Reverse Mortgage Funding files for bankruptcy
Reverse Mortgage Funding and its parent company Reverse Mortgage Investment Trust have filed for Chapter 11 protection in the U.S. Bankruptcy Court for Delaware.
RMF suspended all origination activity earlier this month; more recently, the company conducted layoffs. A statement from RMIT did not specify how many positions were terminated, but a published report in National Mortgage Professional indicated approximately 400 people were let go.
The initial bankruptcy filing indicated RMIT now has 111 employees. Other RMIT units also sought bankruptcy protection.
RMF made Worker Adjustment and Retraining Notification filings in the three states it has offices: New Jersey, where its Bloomfield headquarters are located; New York; and California.
Year-to-date through October, RMF was the fifth most active Home Equity Conversion Mortgage lender in 2022, based on insurance endorsements, according to Reverse Market Insight.
RMIT, a non-publicly traded real estate investment trust, made the decision to file for bankruptcy after negotiating with what it termed “constituents.”

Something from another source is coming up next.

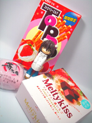 仕事帰りに、今年最初のお買い物をしてきました。と、いっても特別なものではなくいつものスーパーで、生活用品を普通に買って来ただけです(笑)そこでうっかり買ってしまったのは今、一番出回っている苺のお菓子達。期間限定という言葉に思いっきり釣られて、いくつか無駄に購入してしまいました。トッポのストロベリーミルク味。メルティーキッスのフルーティー濃いちご。苺大福、そしてここにはありませんが冷凍庫の中にピノのイチゴミルク。みんな大好きな物ばかり・・・(笑)とりあえず今日は苺大福をいただきました。明日からちょっとづつ楽しみながら消費していこうと思います♪楽しみっ!

“RMIT and the broader mortgage industry are facing a number of adverse trends, in particular unprecedented interest rate hikes combined with credit spread widening and overall volatility in fixed income markets, including agency mortgage markets,” a statement from the company said.
“The market disruption has increased capital requirements to originate and finance new loans and support the company’s servicing portfolio, which severely strained RMIT’s liquidity position and depleted the company’s book value.”
It is currently negotiating with several parties, including Ginnie Mae, to find a new home for its mortgage servicing rights portfolio.
RMF’s pipeline of loans in progress will be transferred to other lenders.
RMIT is in the process of securing debtor-in-possession financing, the statement said.
The filing lists reverse mortgage subservicer Celink as the largest debtor but did not list a claim amount. The next largest debtor is the law firm of Lowenstein Sandler, at over $1 million.
Legal advisors for RMIT, RMF and the other companies in the filing are Sidley Austin, Bradley Arant Boult Cummings, and Benesch, Friedlander, Coplan & Aronoff with FTI Consulting as financial advisor.
Among other reverse mortgage lenders that have made layoffs are American Advisors Group and Open Mortgage. Nutter Home Loans shut its doors because of legal issues around its reverse mortgage program, although it was no longer actively originating those loans. On the other hand, Finance of America shuttered its forward-lending business to concentrate on reverse mortgages.